Mas, na esteira do escândalo da carne de cavalo em produtos alimentícios europeus, a equipe de pesquisadores quis examinar a presença e a autenticidade da proteína animal nos alimentos para animais de estimação. Para este fim, testou o DNA da vaca, da galinha, do porco e do cavalo em 17 dos principais alimentos úmidos para cães e gatos, facilmente disponíveis nos supermercados do Reino Unido.

Os pesquisadores então, compararam seus resultados com as espécies de animais listadas nos rótulos dos alimentos para animais de estimação. O resultado? Embora não tenha sido detectado o DNA de cavalo, um resultado importante foi a relativa abundância de proteínas de espécies animais não especificados em 14 dos 17 produtos.

Destas 14 amostras, vaca, porco e frango foram encontrados nos alimentos para animais de estimação, mas em proporções e combinações diversas daquelas descritas nos rótulos dos produtos. 7 produtos que tinham o rótulo com a menção "com carne" tinha carne bovina entre 14% e 56%. Apenas 2 continham mais de 50% de carne bovina em comparação com as carnes de porco e frango. Das restantes 5 amostras, 3 continham mais carne de porco do que de vaca.

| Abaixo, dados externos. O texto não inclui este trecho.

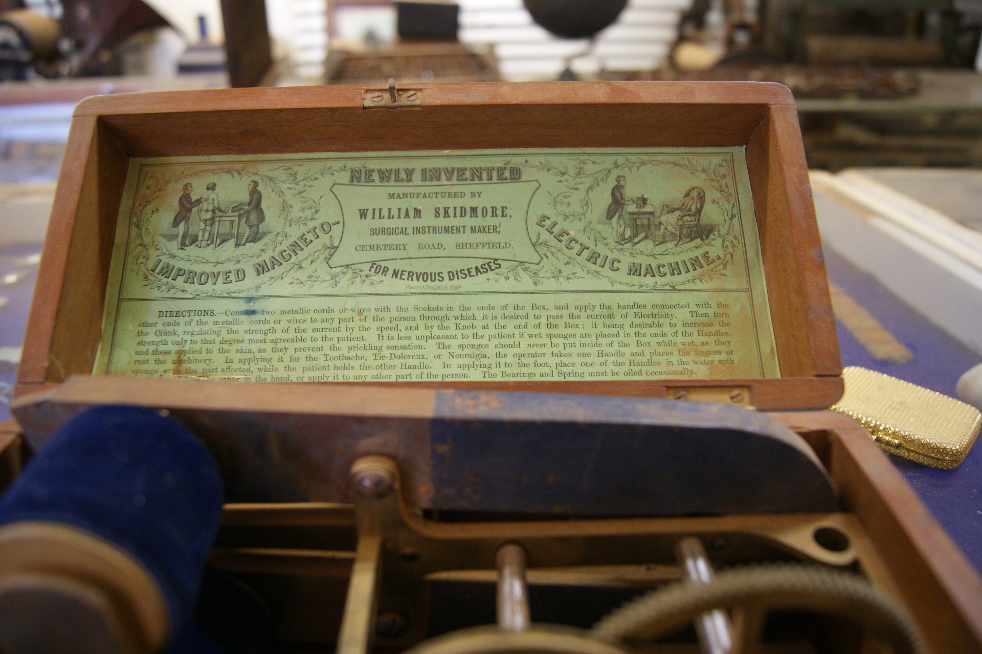 and, alarmingly, an early machine for administering electric shock therapy that still works.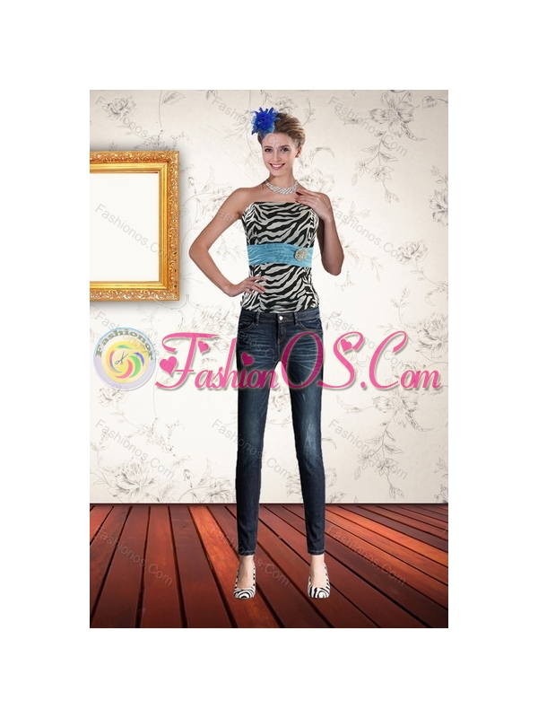 Zebra Print Strapless Multi Color Sweet 15 Dresses with Ruffles and Pick Ups

Estes resultados mostraram enormes deficiências na rotulagem dos produtos, o que poderia além de prejudicar os animais domésticos, frustrar as expectativas dos proprietários que os compram. Porque, infelizmente, a lei permite que se escreva “com carne", embora a carne bovina não seja o ingrediente principal do alimento. O autor do estudo, Kin-Chow Chang, explica:

"Pode ser uma surpresa para os clientes descobrir que o que é descrito como "carne bovina” nos rótulos poderia, ser apenas um ingrediente menor. Há uma necessidade para o setor de alimentos para animais de estimação em mostrar maior transparência para os seus clientes na divulgação dos tipos proteína animal usadas em seus produtos".

Apenas uma divulgação completa dos ingredientes, com efeito, permitiria escolhas mais informadas, particularmente importantes para os animais de estimação com alergias alimentares.